Shomporko Desk:-OTTAWA – Justin Trudeau will be in a tough situation today for an uncommon prime ministerial appearance at a House of Commons committee, confronting inquiries concerning his role in the simmering controversy involving the WE organization.
MPs on the finance committee will flame broil Trudeau about the events that prompted his Liberal cabinet requesting that the WE Charity regulate a $912-million program that gives awards to understudies and graduates for volunteering.
Trudeau’s chief of staff Katie Telford was likewise planned to testify today.
Conservative MP Pierre Poilievre cautioned that if the PM doesn’t completely address inquiries from restriction MPs about his own and his family’s connections to the WE organization, they will get back to him once more.
“We want the truth, the whole truth and nothing but the truth,” Poilievre told reporters in Ottawa Wednesday.
WE had previously confirmed that Trudeau’s mother, Margaret Trudeau, was paid about $250,000 for 28 speaking appearances at WE-related events between 2016 and 2020 and his brother Alexandre has been paid $32,000 for eight events.
WE co-founders Craig and Marc Kielburger testified Tuesday that Trudeau’s wife Sophie Gregoire Trudeau has participated in seven WE Days and received an average of $3,618 for each event, to cover her expenses. That works out to $25,326 in total.
The Conservatives are now calling on federal ethics czar Mario Dion to widen his probe of Trudeau to include travel expenses WE covered in addition to speaking fees for his mother, wife and brother.
“What else is he hiding in this affair?” Poilievre said Wednesday.
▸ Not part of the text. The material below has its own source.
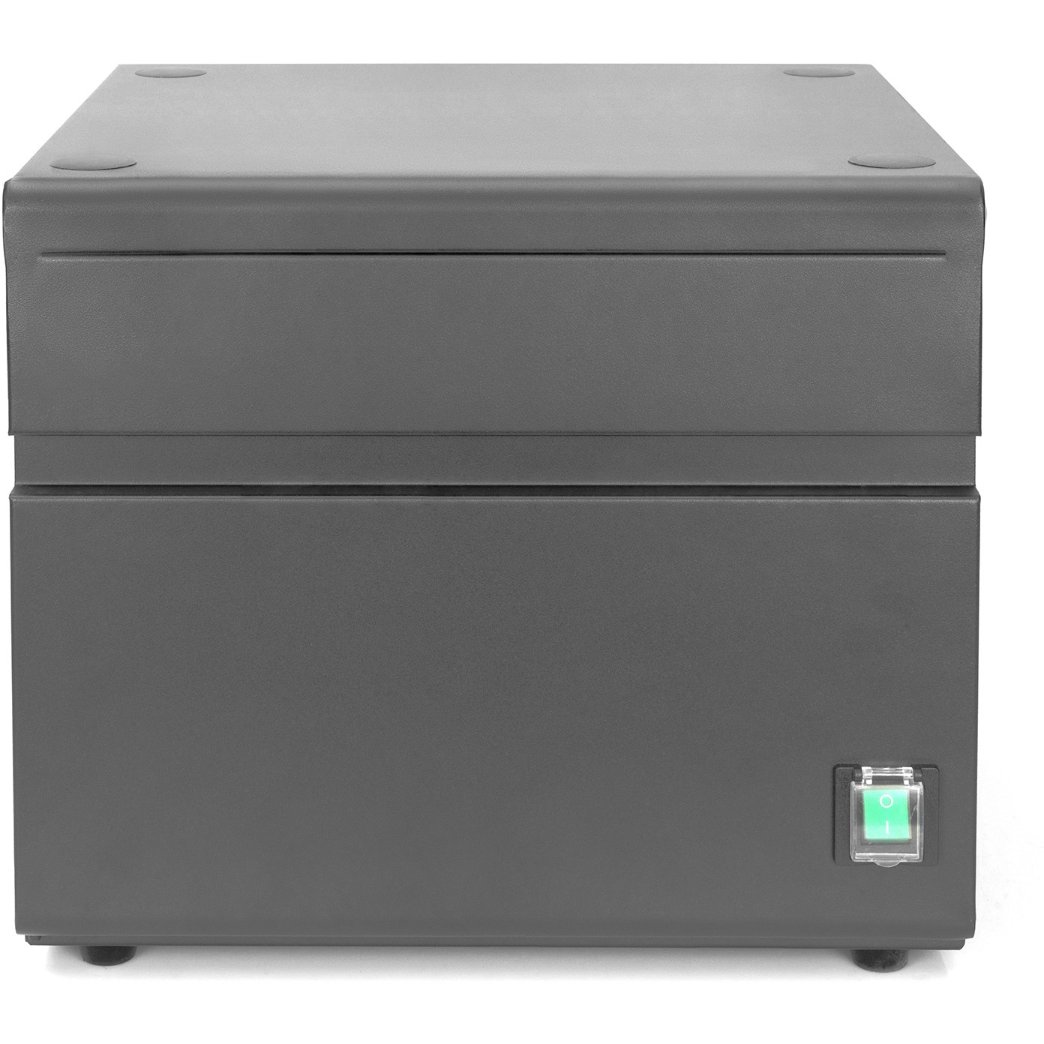 Digitus Mobiler Desktop Ladeschrank für 10 Notebooks/Tablets bis 13 Zoll, UV-C, USB-C. Typ: Gehäuse zur Verwaltung tragbarer Geräte, Produktfarbe: Schwarz, Platzierung: Tisch. Unterstützte tragbare Geräte: Laptop, Tablets, Unterstützte Geräteanschlüsse: USB Typ-C, Maximale Bildschirmgröße: 35,6 cm (14″). AC Eingangsspannung: 110 – 220 V, AC Eingangsfrequenz: 50 – 60 Hz, Eingangsstrom: 16 A. Breite: 360 mm, Tiefe: 370 mm, Höhe: 345 mm. Mitgelieferte Kabel: AC

On Wednesday, Dion sent letters to Conservative and NDP MPs saying he is widening his investigations into trips Finance Minister Bill Morneau and his family participated in that were sponsored by the WE organization.
Morneau told the Commons finance committee last week he had freshly repaid WE Charity more than $41,000 in expenses for trips he and his family took in 2017 to see and take part in some of the organization’s humanitarian work.
NDP Leader Jagmeet Singh said he believes details that have emerged since the program was announced suggest the deal awarding WE the Canada Student Services Grant program was never about students, but about helping close friends of the Liberals and of Trudeau.